(Requirement): In the copy of the lines below, leave out pictures and print everything else exactly.

(Recorded data):
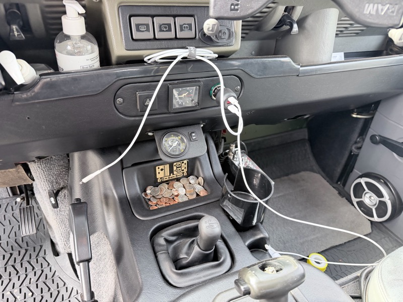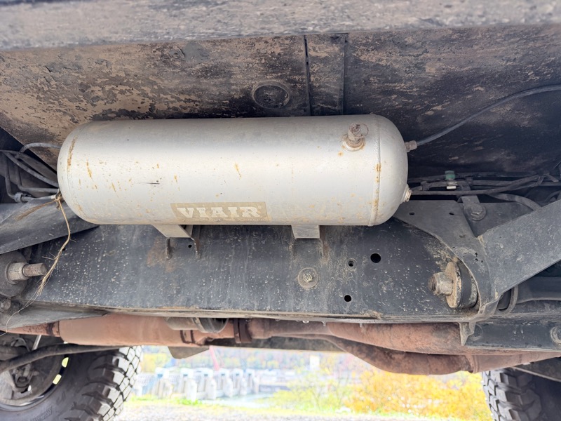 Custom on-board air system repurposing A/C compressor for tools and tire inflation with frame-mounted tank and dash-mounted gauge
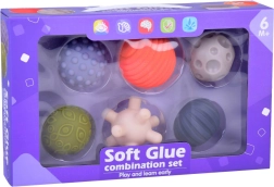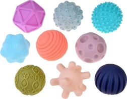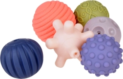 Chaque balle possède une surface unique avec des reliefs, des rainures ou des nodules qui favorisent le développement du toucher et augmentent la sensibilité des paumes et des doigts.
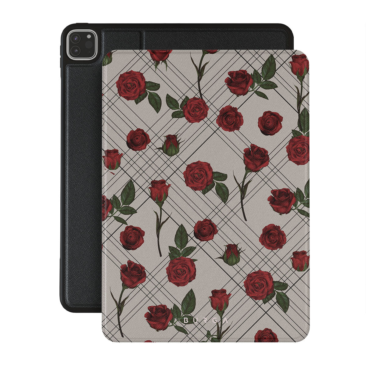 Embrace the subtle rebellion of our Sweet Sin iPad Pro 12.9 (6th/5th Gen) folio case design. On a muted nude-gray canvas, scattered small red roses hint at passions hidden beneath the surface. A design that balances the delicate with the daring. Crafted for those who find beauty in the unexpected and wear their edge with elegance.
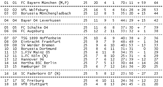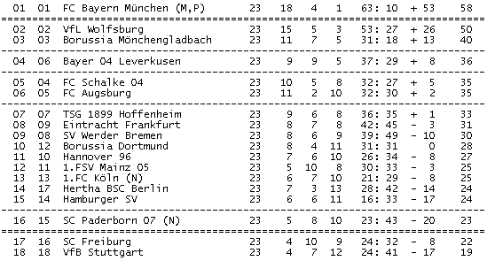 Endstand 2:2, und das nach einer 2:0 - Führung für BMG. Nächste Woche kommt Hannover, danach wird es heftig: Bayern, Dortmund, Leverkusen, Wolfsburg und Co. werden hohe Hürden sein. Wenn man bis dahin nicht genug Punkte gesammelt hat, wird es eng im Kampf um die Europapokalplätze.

(Answer for this exercise):
 Custom on-board air system repurposing A/C compressor for tools and tire inflation with frame-mounted tank and dash-mounted gauge
 Chaque balle possède une surface unique avec des reliefs, des rainures ou des nodules qui favorisent le développement du toucher et augmentent la sensibilité des paumes et des doigts.
 Embrace the subtle rebellion of our Sweet Sin iPad Pro 12.9 (6th/5th Gen) folio case design. On a muted nude-gray canvas, scattered small red roses hint at passions hidden beneath the surface. A design that balances the delicate with the daring. Crafted for those who find beauty in the unexpected and wear their edge with elegance.
 Endstand 2:2, und das nach einer 2:0 - Führung für BMG. Nächste Woche kommt Hannover, danach wird es heftig: Bayern, Dortmund, Leverkusen, Wolfsburg und Co. werden hohe Hürden sein. Wenn man bis dahin nicht genug Punkte gesammelt hat, wird es eng im Kampf um die Europapokalplätze.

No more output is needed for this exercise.